A passeata
Antonio Prata
Tinha
punk de moicano e playboy de mocassim. Patricinha de olho azul e rasta
de olho vermelho. Tinha uns barbudos do PCO exigindo que se reestatize o
que foi privatizado e engomados a la Tea Party sonhando com a
privatização de todo o resto. Tinha quem realmente se estrepa com esses
20 centavos e neguinho que não rela a barriga numa catraca de ônibus
desde os tempos da CMTC. (Neguinho, no caso, era eu). Tinha a esperança
de que este seja um momento importante na história do país e a suspeita
de que talvez o gás da indignação, nas próximas semanas, vá para o
vinagre.
Sejamos
francos, companheiros: ninguém tá entendendo nada.

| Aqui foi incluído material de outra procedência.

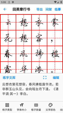 【字帖导出】您可以将自定义的字帖高清导出至相册,支持高清PDF导出,便于存档和分享。

Nem a imprensa nem
os políticos nem os manifestantes, muito menos este que vos escreve e
vem, humilde ou pretensiosamente, expor sua perplexidade e ignorância.
Anteontem,
depois da passeata, assisti ao "Roda Viva" com Nina Capello e Lucas
Monteiro de Oliveira, integrantes do Movimento Passe Livre. Ficou claro
que, embora inteligentes e bem articulados, eles tampouco compreendem
onde é que foram amarrar seus burros. "Vocês começaram com uma canoa e
tão aí com uma arca de Noé", observou o coronel José Vicente. Os dois
insistiram que não, o que há é um canoão, e as mais de 200 mil pessoas
que saíram às ruas no Brasil, segunda-feira, lutavam por transporte
público mais barato e eficiente. A posição dos ativistas de não se
colocarem como os catalisadores de todas as angústias nacionais e
seguirem batendo na tecla do transporte só os enobrece --mas estarão
certos na percepção?
Duzentas mil pessoas de esquerda, de direita, de Nike e de coturno por causa da tarifa?
"Por que você tá aqui no protesto?", perguntou a repórter do "TV Folha" a
uma garota na manifestação do dia 11: "Olha, eu não consigo imaginar
uma razão para não estar aqui, na verdade", foi sua resposta. Corrupção,
impunidade, a PEC 37, o aumento dos homicídios, os gastos com os
estádios para a Copa, nosso IDH, a qualidade das escolas e hospitais
públicos são todos excelentes motivos para que se saia às ruas e se
tente melhorar o país --mas já o eram duas semanas atrás: por que não
havia passeatas? Será porque a chegada do PT ao poder anestesiou os
movimentos sociais, dificultando a percepção de que o Brasil vem
melhorando, melhorando, melhorando e... continua péssimo? Ou será porque
agora o Facebook e o Twitter facilitam a comunicação?
Se
as dúvidas sobre as motivações --que brotam do solo minimamente
sondável do presente-- já são grandes, o que dizer sobre o futuro do
movimento? Marchará ou murchará? Caso cresça: conseguirá abaixar a
tarifa? E, no longo prazo, terá alguma relevância? Mais ainda: adianta
ir às ruas, fazer barulho? Ou a própria passeata extingue o impulso de
revolta que a criou e voltamos todos para o mundinho idêntico de todos
os dias, com a sensação apaziguadora de que "fiz a minha parte"?
Não tenho a menor ideia, estou mais confuso que o Datena diante da enquete (migre.me/f4UCh),
mas num país injusto como o nosso, em que a única certeza parecia ser a
de que, aconteça o que acontecer, o Sarney estará sempre no poder, as
dúvidas dos últimos dias são muitíssimo bem-vindas.